Une autre chose qui nous a frappé : le sens de la dignité. La dignité, c’est comme une flamme de vie au fond de nous. Parfois elle est presque inexistante, mourante… mais un seul regard respectueux, une parole réconfortante et compatissante la ranime immédiatement. Et c’est alors qu’un miracle se produit. Une fois que la personne a saisi qu’elle est quelqu’un, elle reprend courage. Elle reprend force. Elle peut à nouveau rêver d’un avenir meilleur. Nous avons vu des miracles, oui !

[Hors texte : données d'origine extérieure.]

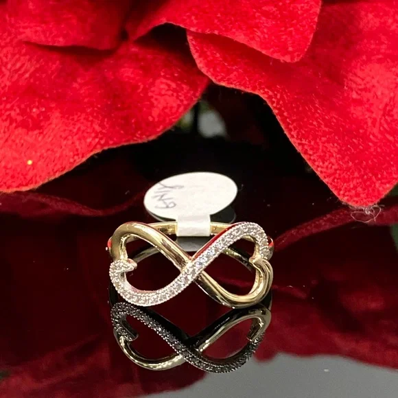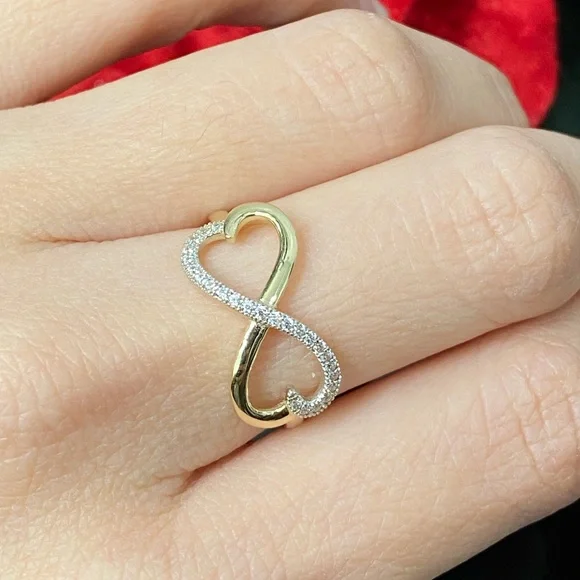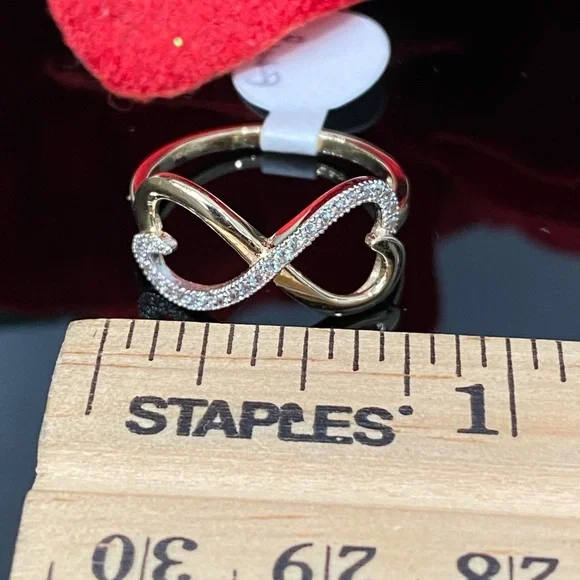 Style: Ring Stone: Cubic ZirconiaInfinity Size: 18.3mm x 9.7mm approx. Ring Size: US 6.5Metal: 14K Yellow Gold. NOT GOLD PLATED NO TRADE!! Photos are enlarged to show detail Please refer to photos with measurements for the size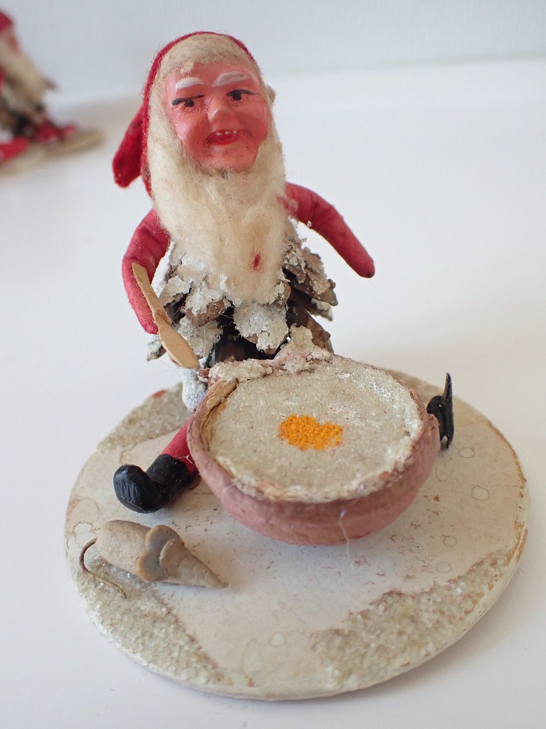 5 koglenisser med henholdsvis grangren, risengrød, piberensernisse, gavesæk, banjo og harmonika. Håndmalede, danske ca. 1930. Højde: 6,5 - 7,5 cm. I pæn tidstypisk stand. Händler

Une jeune femme obligée de se faire avorter par son « petit copain » a décidé de partir dans son pays pour donner naissance à un magnifique garçon dont elle nous a montrés une photo presque deux ans plus tard. Ce garçon lui a finalement donné la force de quitter la rue et de faire face à l’emprise de son loverboy.

Une autre, après deux ans de rencontres et de discussion avec nous, a quitté le vieillard chez qui elle logeait contre divers services non rémunérés, pour partir dans son pays d’Afrique et y devenir conductrice de taxi !

Des femmes ont été redirigées vers des centres d’hébergement en vue d’une procédure pénale, d’autres ont démarré des formations pour se réinsérer professionnellement…

Et combien d’autres ! Nous les aimons, ces femmes et ces hommes. Il faut les aimer, ces femmes et ces hommes. Ils n’ont pour la plupart pas choisi cette vie. Ce sont des victimes de criminels, des victimes des guerres, de la pauvreté et de l’ignorance.

Qui viendra à leur secours ? Qui entendra leurs cris de douleurs ? Qui ?

Nous devons changer notre façon de voir les choses. Ne soyons plus complices de ce crime qui se passe sous nos yeux. Nous devons agir pour que ces personnes retrouvent une dignité volée.